* [REQUIREMENT]:
Exact repetition of a range: find the line containing "GA20127 MILES ШРУС" and the line containing "Каждый, кто задумывается" in the material below, then repeat both and all lines between them, leaving pictures out.

* [EXERCISE MATERIAL]:
____________
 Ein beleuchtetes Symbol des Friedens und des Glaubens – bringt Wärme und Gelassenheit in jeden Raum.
____________
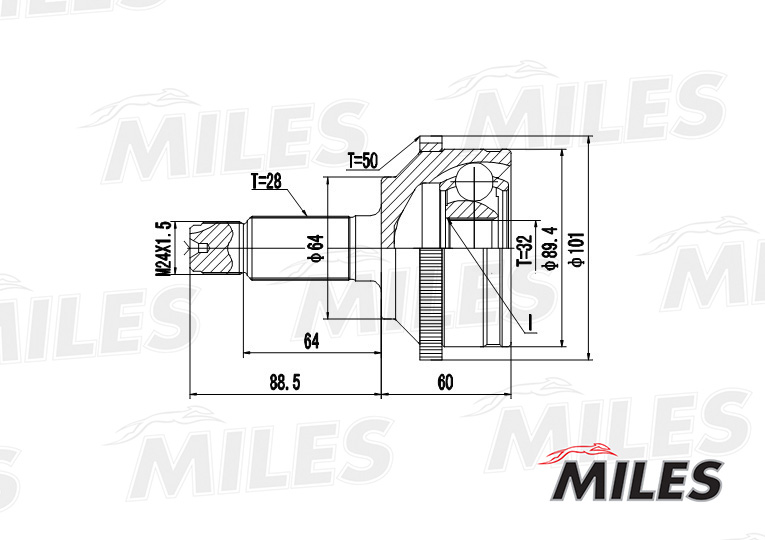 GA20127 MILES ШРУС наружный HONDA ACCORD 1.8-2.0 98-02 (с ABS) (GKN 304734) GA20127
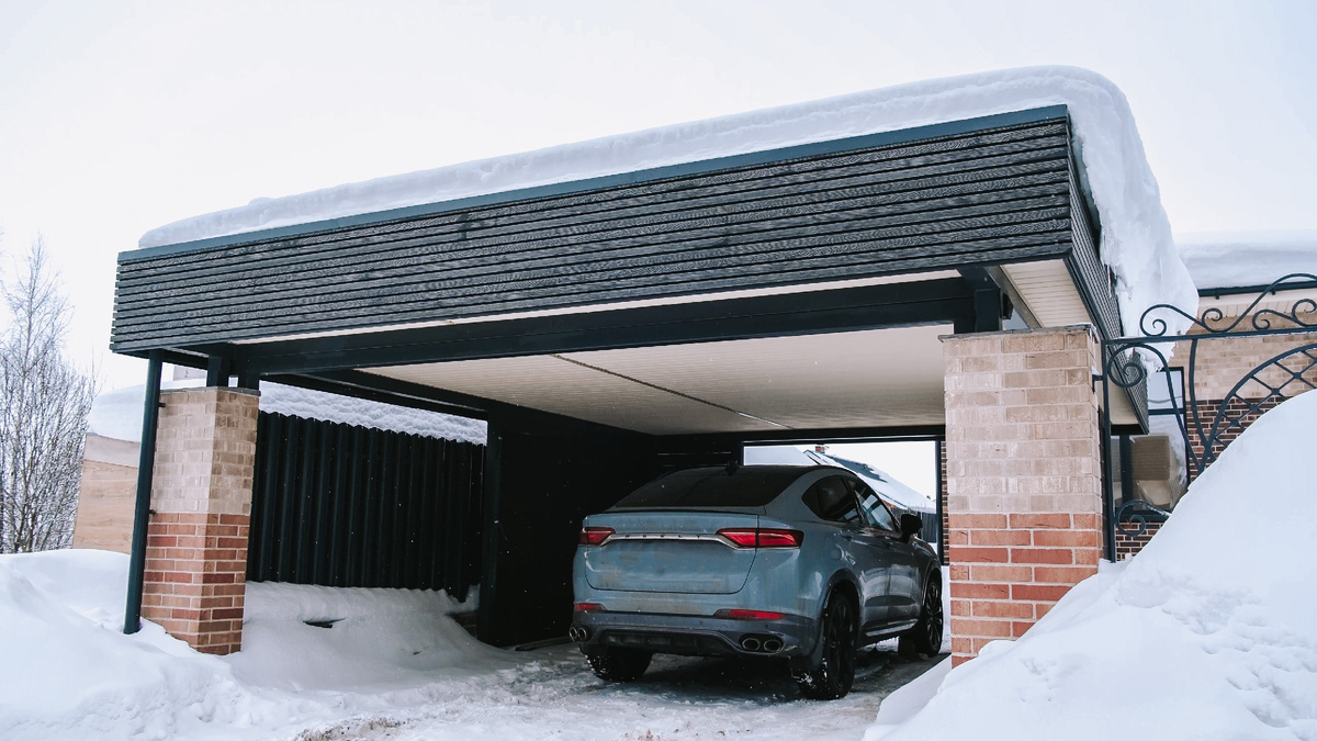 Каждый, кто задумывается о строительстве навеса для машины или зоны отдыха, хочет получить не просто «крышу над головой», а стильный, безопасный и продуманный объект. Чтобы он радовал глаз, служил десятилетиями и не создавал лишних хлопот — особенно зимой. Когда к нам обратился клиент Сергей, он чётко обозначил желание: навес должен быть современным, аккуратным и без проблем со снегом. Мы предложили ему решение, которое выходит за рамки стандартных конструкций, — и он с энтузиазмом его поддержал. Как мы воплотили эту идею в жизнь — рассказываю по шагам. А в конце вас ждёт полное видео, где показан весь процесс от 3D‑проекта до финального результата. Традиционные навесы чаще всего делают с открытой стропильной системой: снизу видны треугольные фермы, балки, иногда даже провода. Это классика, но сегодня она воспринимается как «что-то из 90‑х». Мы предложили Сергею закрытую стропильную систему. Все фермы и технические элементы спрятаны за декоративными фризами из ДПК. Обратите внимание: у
____________
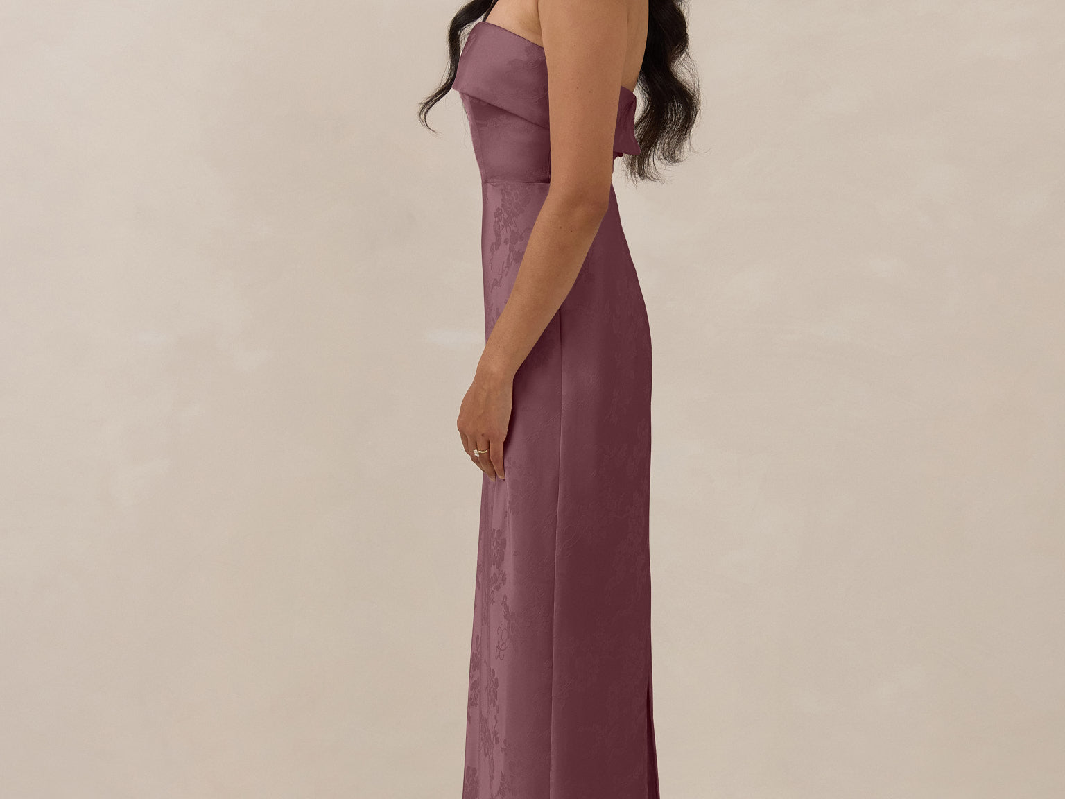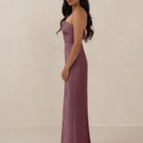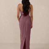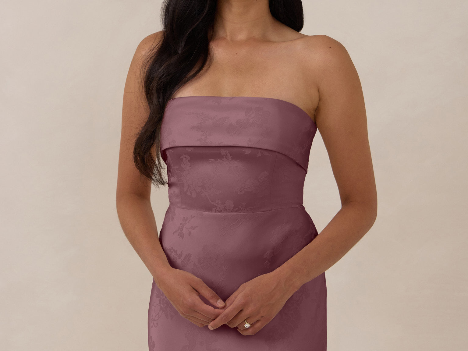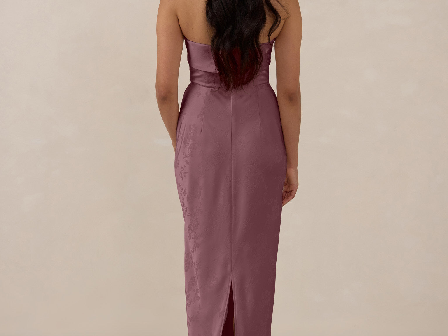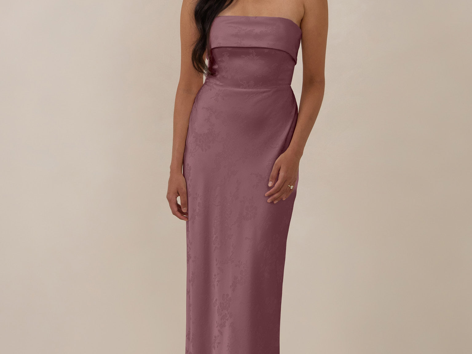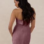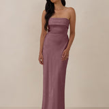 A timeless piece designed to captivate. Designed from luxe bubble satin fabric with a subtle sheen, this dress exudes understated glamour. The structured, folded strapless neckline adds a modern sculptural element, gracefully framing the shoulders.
____________
* [TASK ANSWER]:
 GA20127 MILES ШРУС наружный HONDA ACCORD 1.8-2.0 98-02 (с ABS) (GKN 304734) GA20127
 Каждый, кто задумывается о строительстве навеса для машины или зоны отдыха, хочет получить не просто «крышу над головой», а стильный, безопасный и продуманный объект. Чтобы он радовал глаз, служил десятилетиями и не создавал лишних хлопот — особенно зимой. Когда к нам обратился клиент Сергей, он чётко обозначил желание: навес должен быть современным, аккуратным и без проблем со снегом. Мы предложили ему решение, которое выходит за рамки стандартных конструкций, — и он с энтузиазмом его поддержал. Как мы воплотили эту идею в жизнь — рассказываю по шагам. А в конце вас ждёт полное видео, где показан весь процесс от 3D‑проекта до финального результата. Традиционные навесы чаще всего делают с открытой стропильной системой: снизу видны треугольные фермы, балки, иногда даже провода. Это классика, но сегодня она воспринимается как «что-то из 90‑х». Мы предложили Сергею закрытую стропильную систему. Все фермы и технические элементы спрятаны за декоративными фризами из ДПК. Обратите внимание: у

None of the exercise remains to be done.